Exercise description →
Print, word for word, the opening line of the data below and every line after it through the line that contains "화사한 오렌지 주름지 소재 가디건을 세트로 제안한 뉴 아이템입니다", but not the pictures.

Dataset extract →
☆ ☆ ☆

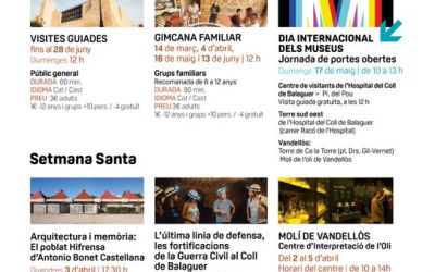 Les regidories de Cultura i Turisme programen diverses propostes a l’Hospital del Coll de Balaguer, el poblat Hifrensa, el Molí de Vandellòs ...
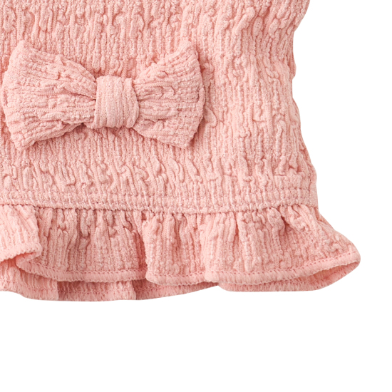 화사한 오렌지 주름지 소재 가디건을 세트로 제안한 뉴 아이템입니다
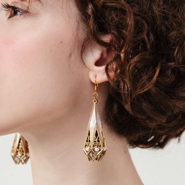 Jūgendstila siluets, ko veido gaisma, filigrāns un izkopts detaļu smalkums. Pabeigti starojošā zeltā un papildināti ar mirdzošu ziloņkaula toņa emalju, šie auskari rotāti ar smalkiem mākslīgo pērļu sakopojumiem, kas mīkstina arhitektonisko struktūru. Stiklam līdzīgie UV sveķi piešķir dziļumu un maigu mirdzumu, savukārt ažūrais filigrāns saglabā siluetu vieglu un elegantu.
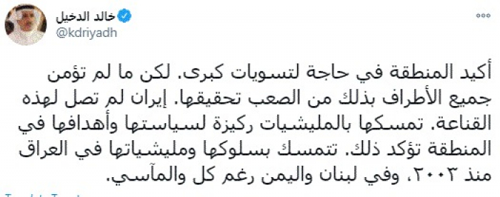 وكتب في تغريدة عبر "تويتر" رصدها "المشهد العربي": "أكيد المنطقة في حاجة لتسويات كبرى. لكن ما لم تؤمن جميع الأطراف بذلك من الصعب تحقيقها. إيران لم تصل لهذه القناعة".

☆ ☆ ☆

Task result →
 Les regidories de Cultura i Turisme programen diverses propostes a l’Hospital del Coll de Balaguer, el poblat Hifrensa, el Molí de Vandellòs ...
 화사한 오렌지 주름지 소재 가디건을 세트로 제안한 뉴 아이템입니다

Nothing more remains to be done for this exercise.